🤖 AI Summary
This work addresses the limitations of existing test-time adaptation (TTA) methods, which typically assume a single global domain distribution and overlook sample-level, multi-dimensional domain shifts, leading to fragile adaptation. To overcome this, the authors propose DOME, a novel framework that, for the first time, explicitly models continuous sample-level domain variables in a zero-shot manner. DOME leverages vision-language pretraining to extract dense domain representations and employs a momentum-updated sparse domain bank to provide decoupled supervision, subsequently injecting explicit domain information into the downstream model. By moving beyond implicit global domain assumptions, DOME enables structured domain representation. It achieves state-of-the-art performance on ImageNet-C, ImageNet-R, and ImageNet-Sketch, significantly outperforming existing TTA approaches—including more complex ones—and demonstrates the efficacy and robustness of explicit domain modeling.
📝 Abstract
Test-time adaptation (TTA) aims to align a model to shifting test domains using only unlabeled streaming data. Most existing methods implicitly infer a single global domain distribution, ignoring the multidimensional and sample-specific nature of real-world domain shifts, leading to fragile adaptation. We propose DOME, an effective domain encoder that explicitly models each sample's domain in a zero-shot manner.
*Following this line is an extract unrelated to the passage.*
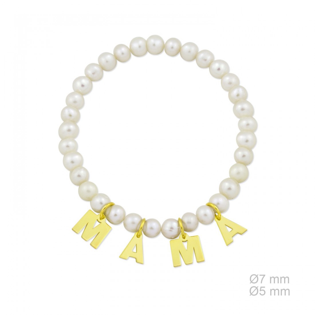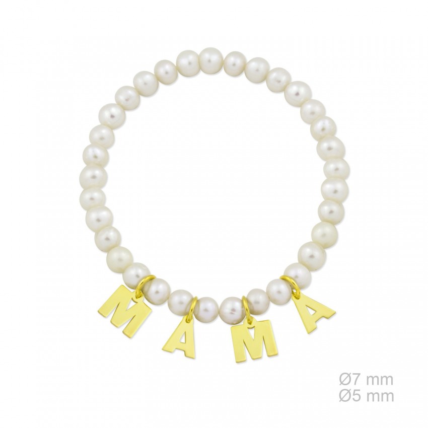 Pulsera de Plata de Ley chapada en oro con perla cultivada de 5 mm y con la palabra MAMA en charms. La perla natural puede tener variaciones de color y tamaño.

DOME leverages vision-language pretraining to extract dense, continuous representations, parameterizes domains as distributional variables, and introduces a momentum-updated sparse domain bank for disentangled supervision. By injecting these explicit domain cues into downstream models, even a basic entropy-minimization TTA strategy achieves state-of-the-art performance across ImageNet-C, ImageNet-R, and ImageNet-Sketch, outperforming complex TTA approaches. Our results demonstrate that robust adaptation stems not from intricate adaptation algorithms, but from explicit, structured domain representation.